Benito Pérez Galdós, canario universal, en Trafalgar, el volumen con el que inició los Episodios Nacionales, narra, con su maestría, el surgimiento del sentimiento patriótico en Gabriel Araceli, el protagonista, justo en el momento anterior al comienzo de la batalla. “Por primera vez entonces percibí con completa claridad la idea de patria, y mi corazón respondió a ella con espontáneos sentimientos, nuevos hasta aquel momento en mi alma”
Y añade: “Hasta entonces la patria se me presentaba en las personas que gobernaban la nación … pero en el momento que precedió al combate comprendí todo lo que aquella divina palabra significaba, y la idea de nacionalidad se abrió paso en mi espíritu, iluminándolo y descubriendo infinitas maravillas, como el sol que disipa la noche y saca de la oscuridad un hermoso paisaje”.
Fuente: Wikipedia |
El sentimiento narrado por Galdós no puede ser ajeno a los acontecimientos vividos por el autor en la España del año 1873. La caída de la breve monarquía de Amadeo I y la proclamación de la primera República española. En momentos convulsos, sobresalen sentimientos, como el patriótico, el cual, como lo describiera Nussbaum, es un sentimiento fuerte que tiene en la nación su objeto.
Es una forma de amor. Se ama para compartir, para unir, especialmente, en los momentos en los que los peligros acechan. Cuando las amenazas se ciernen sobre “nosotros” , el sentimiento de unión y de pertenencia aflora; y mayor capacidad de cohesión despliega. Es el engrudo que une frente a la adversidad, al infortunio. La guerra fue la que hizo surgir en Araceli el sentimiento. Del mismo modo en que lo fueron en Galdós las turbulencias de la caída de la monarquía y la instauración de la república.
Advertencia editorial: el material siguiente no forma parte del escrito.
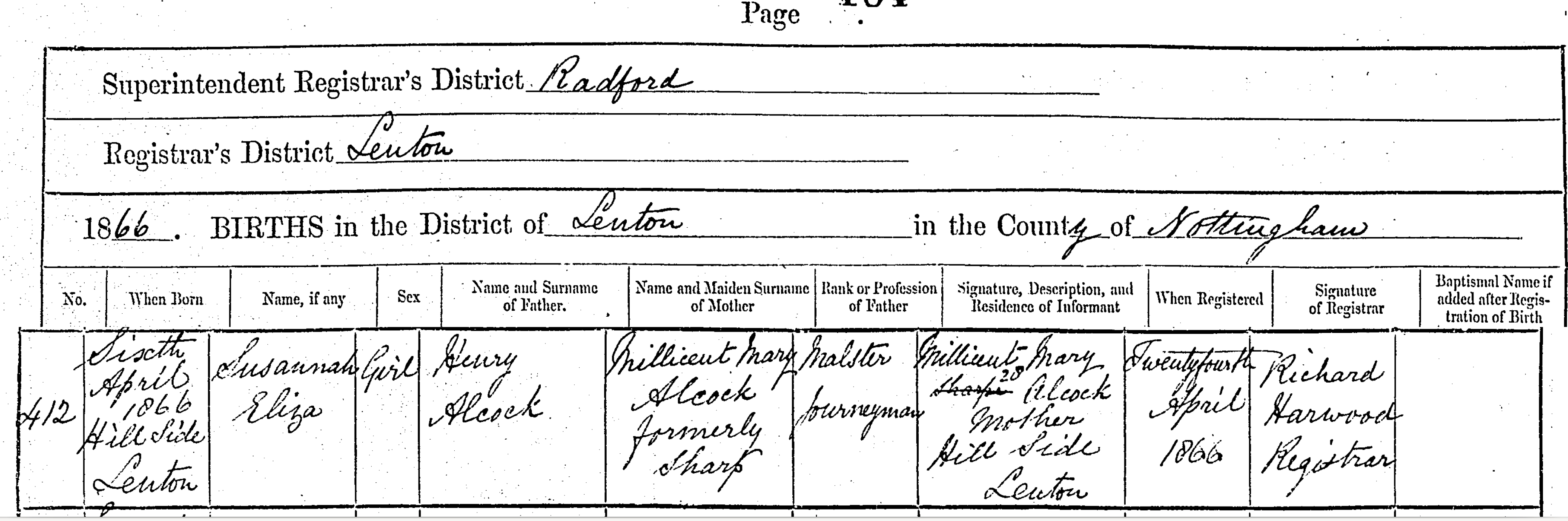 Birth in the Registration District of Radford, Sub-district of Lenton, Nottingham, 1866, no. 412. Born 6 Apr 1866 at Hill Side, Lenton; Susannah Eliza Alcock; Girl; father Henry Alcock; mother Millicent Mary Alcock formerly Sharp. Occupation of father: Maltster Journeyman. Informant was Millicent Mary Alcock; Mother; Hill Side, Lenton; signed name. The birth was registered 24 Apr 1866.

Entre nosotros han sido muy turbulentos tanto el patriotismo como la nación. Hasta el día de hoy se duda de uno y de otra. No hay sentimiento porque no hay conciencia y no la hay porque no hay nación. Sólo hay Estado. Una fría institución burocrática a la que rendimos nuestras obligaciones, cada vez más odiosas. El sentimiento, la conciencia y la nación se reservan sólo para el País Vasco y Cataluña, así como, tal vez, Galicia. Lo demás, provincias o regiones.
Y, de repente, las banderas engalanan nuestros balcones. Nadie lo ha pedido. Una reacción espontánea. Algunos, en su ignorancia, afirman que es el despertar del fascismo, en versión hispana: el franquismo. Desconocen tanto el fascismo como el franquismo. Más desconocen qué es España, la nación, la conciencia y el sentimiento nacional. Más desconocen el patriotismo.
La chispa del cambio que se está produciendo es el reto secesionista en Cataluña. Desde que surgió como movimiento político relevante, a fines del siglo XIX, lo han venido intentando y lo seguirán haciendo. Es una suerte de problema irresoluble respecto del cual, según Ortega, sólo cabe la conllevanza. Siempre estará ahí.
Algo ha cambiado. El problema sigue ajustado a unas coordenadas históricas cada vez más anticuadas. Quienes han cambiado han sido España y los españoles. No somos los mismos. Cuando el secesionismo intentó avanzar en su proyecto, el contexto fue siempre el de la debilidad del Estado. Era su oportunidad.
España ha tenido a lo largo de los siglos XIX y XX tres problemas centrales: democracia, atraso y organización territorial. Se puede afirmar, sin rubor, que los dos primeros se han conseguido solucionar. España es una democracia avanzada y moderna. Una de las naciones prósperas del mundo.
Ortega afirmaba, en 1910, que si España era el problema, Europa su solución. Lo hemos conseguido. Europa es la solución. Nunca antes en nuestra Historia, la Unión Europea no sólo no ha estado ajena a nuestros problemas territoriales, sino que se ha colocado al lado de los españoles para certificar que España es una democracia avanzada y moderna. Que aquellos se deben resolver conforme a nuestro Derecho. Que no hay otro atajo.
El único camino es el Estado de Derecho. Los españoles conocemos estas circunstancias. Es muy elocuente que el incremento en la preocupación por la independencia de Cataluña no nos haya hecho cambiar ni un ápice, ni nuestra españolidad incluyente, ni nuestra organización territorial del Estado.